What is required: Retype the listing below line for line, but only from the line with "a hand holding" down to the line with "平衡二叉树(AVL树)在符合", inclusive. Pictures stay out.

Dataset records:
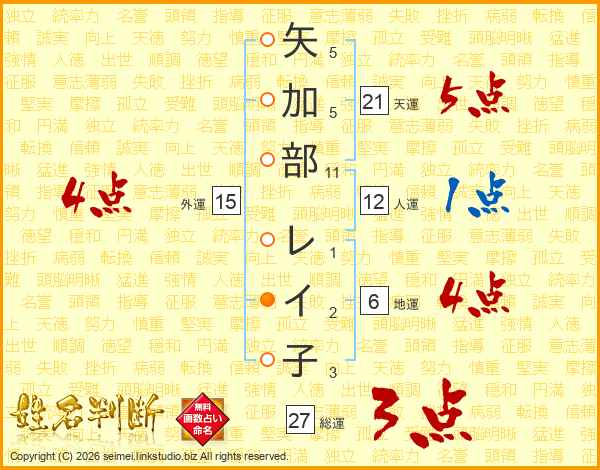 矢(5画)加(5画)部(11画) レ(1画)イ(2画)子(3画)
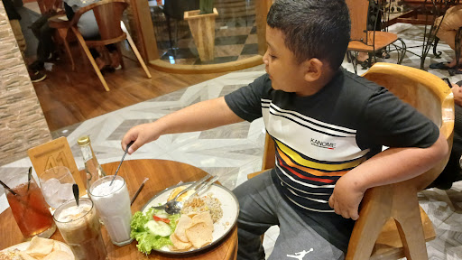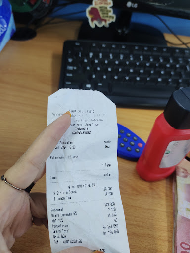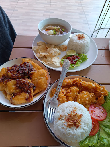 Ok mulai dari datang, parkiran motor rapi disebelah resto, parkiran mobil kurang rapi, akibatnya saat mobil yg parkir didalam mau keluar susah harus minta mobil lain keluar dulu, ini mengganggu ya kalau si pemilik mobil sedang nikmat2nya makan😁 Staf ramah, mulai dari tukang parkir, frontdesk dan waiter ramah, good👍 Saat pemilihan menu, sayangnya tidak ada gambar menu nya, saran saya kasi gambar menu makanan dan minumanya, bukan hanya tulisan, soalnya buku menunya tulisan doang, kalau ada gambar pasti lebih menarik😁 Suasana kafe, kebetulan saya datang malam hari, lantai dua agak gelap pak, ada live music tapi gelap, dibelakang masih kurang lampu, sayang padahal live musicnya ok, sayang penerangan kurang,😆 lalu posisi live musicnya, tertutup taman kalau kita duduk di kursi sebelah tangga, tapi saya lebih terganggu gelap nya sih, kayak remang2 gitu, tmbahin lampu pak😁😁 untuk menu tadi datang lumayan cepat, rasa nasi goreng nya enak, stik ayam krispi nya kurang garing sedikit, potongan ayamnya tebal rawan tidak matang, untungya tadi matang, karena sebelumnya saat kunjungan pertama pernah pesen menu yg sama ayamnya mentah, yg sekarang ok tapi masih kurang garing sedikit🫡 minuman ok semua yg saya pesan, es mokacino nya enak, sip, Pas bayar tadi juga ada kendala, mau bayar kasir masih belum ready, pake qris wifi gak nyambung2, akhirnya , pakai tethering hp saya bisa😁, ini rawan kena komplain pak, sebaiknya kasir udah ready kalau ada yg mau bayar2, apalagi kalau pas rame overall lumayan ya, suasana, rasa makanan dan service 7/10, semoga semakin baik ke depan nya, soalnya lokasi udah oke tinggal ditingkatkan aspek...
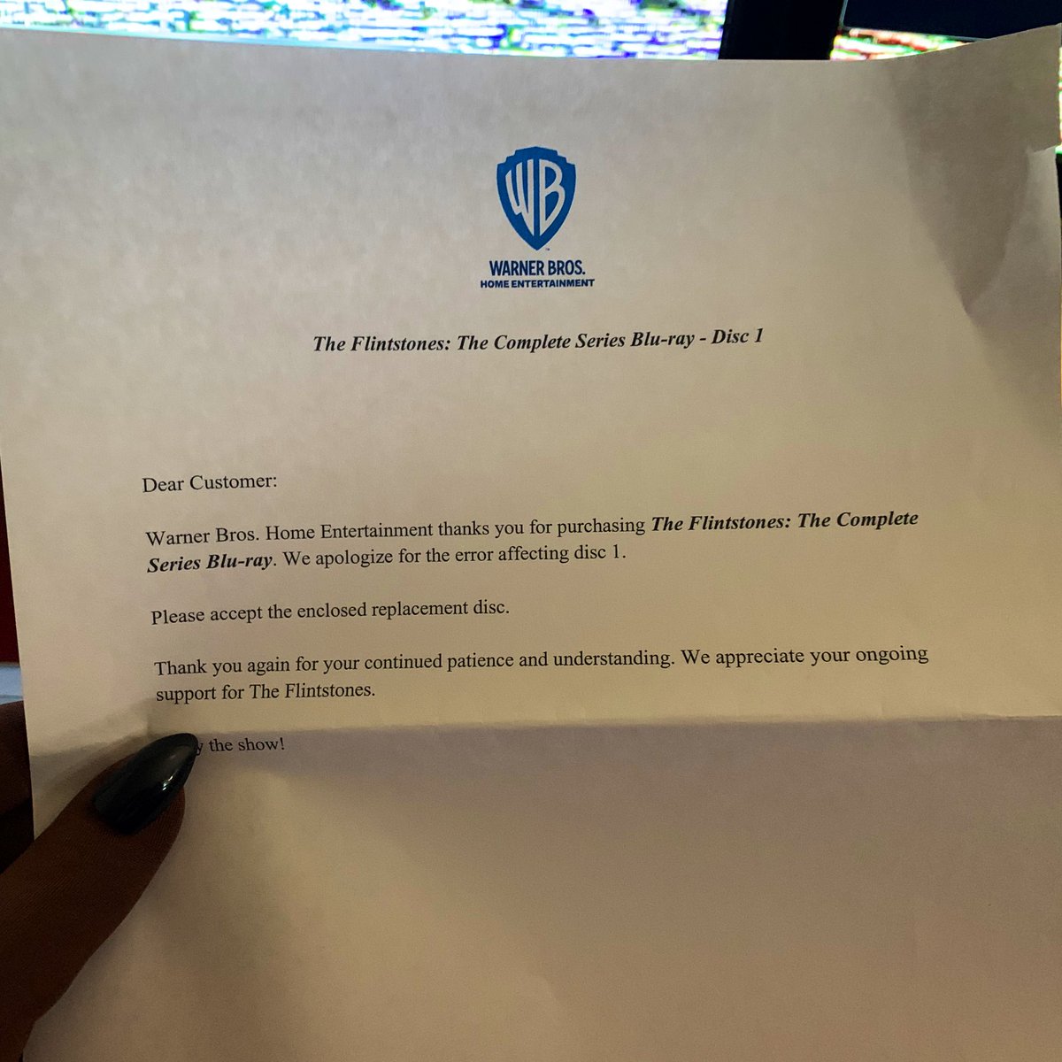 This is a dumb PSA but a few months ago I got the new Flintstones Blu-ray set but it turns out an episode on disc 1 didn’t have sound. So I requested a replacement disc and it finally got here, I totally forgot about it. If you got this set, make sure to get a replacement disc.pic.twitter.com/Ax8uS12wGd
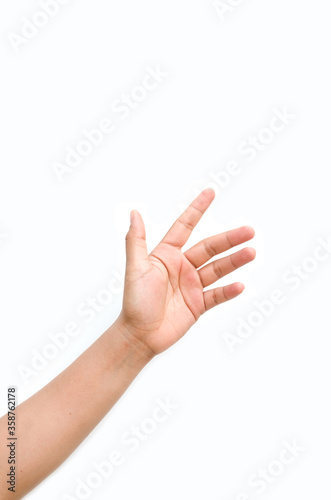 a hand holding something like a bottle or smartphone on white backgrounds, isolated
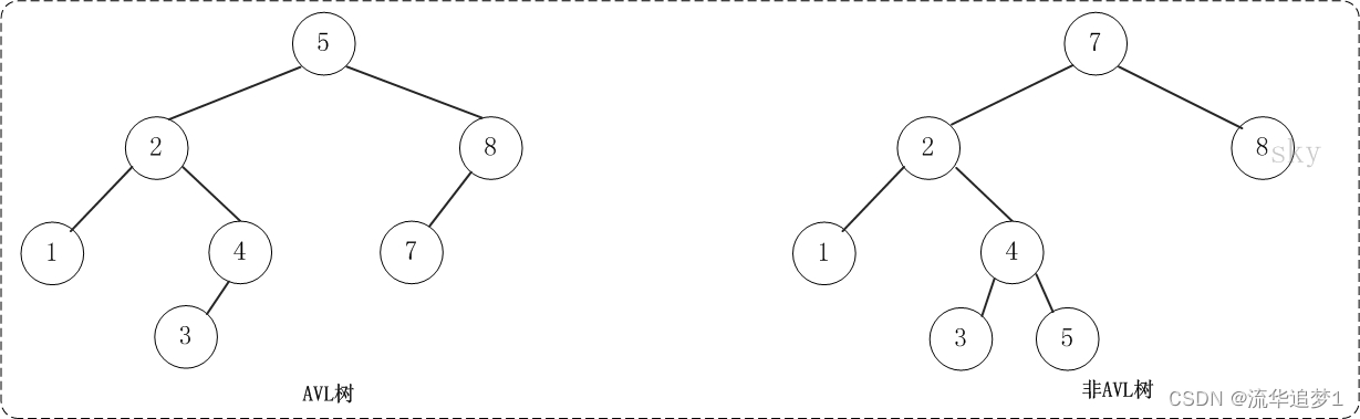 平衡二叉树(AVL树)在符合二叉查找树的条件下,还满足任何节点的两个子树的高度最大差为1。下面的两张图片,左边是AVL树,它的任何节点的两个子树的高度差<=1;右边的不是AVL树,其根节点的左子树高度为3,而右子树高度为1;
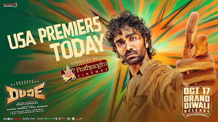 The prestigious pan-India banner Mythri Movie Makers is set for the grand worldwide release of its unique romantic comedy DUDE, starring young sensation Pradeep Ranganathan and Premalu fame Mamitha Baiju. The movie hits theaters worldwide tomorrow, with USA premieres today.
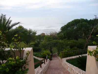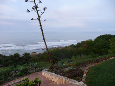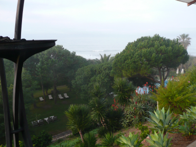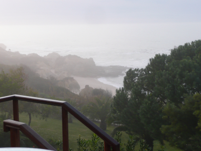 Ce matin, temps gris et pluvieux sur l’océan, ce qui n’empêche pas de trouver un climat très doux et un calme très reposant au bords de falaises que surplombe l’hôtel.
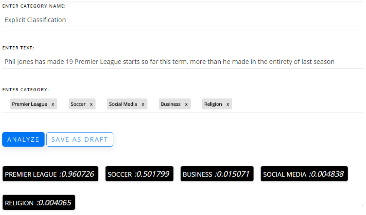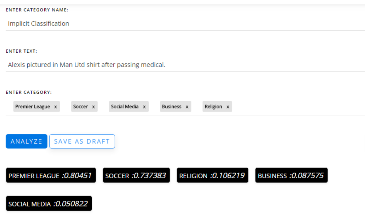 As we can see, this is among the first budding steps towards general AI. We did not mention anything related to Premier League or soccer but our Custom classifier could identify the relation. The very ability to do an implicit text classification over explicit text classification is what makes the Custom Classifier an amazing and useful tool.
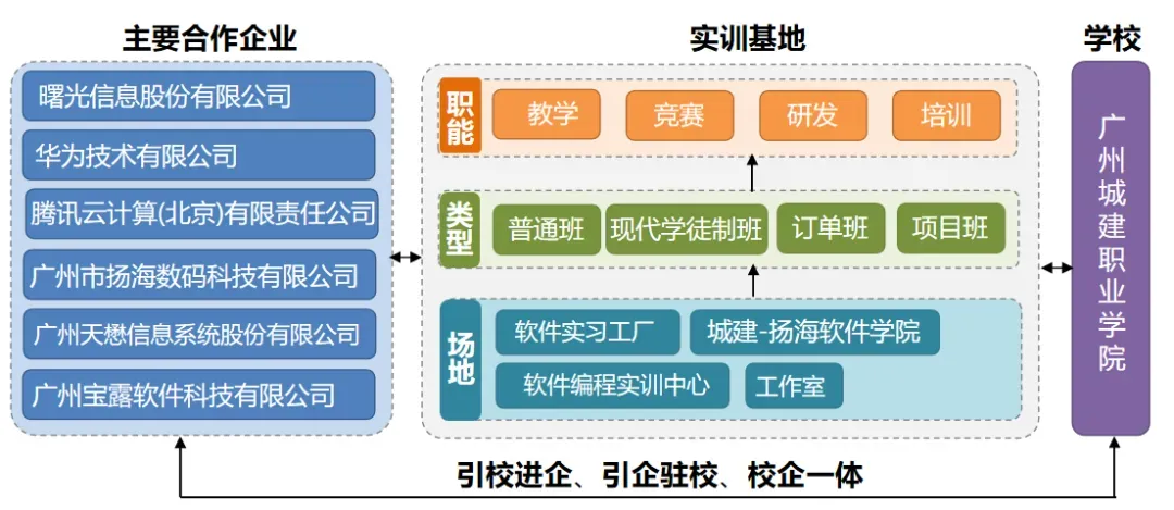与行业龙头企业紧密合作,建设软件技术公共实训中心、软件实习工厂。

Output for this exercise:
 a hand holding something like a bottle or smartphone on white backgrounds, isolated
 平衡二叉树(AVL树)在符合二叉查找树的条件下,还满足任何节点的两个子树的高度最大差为1。下面的两张图片,左边是AVL树,它的任何节点的两个子树的高度差<=1;右边的不是AVL树,其根节点的左子树高度为3,而右子树高度为1;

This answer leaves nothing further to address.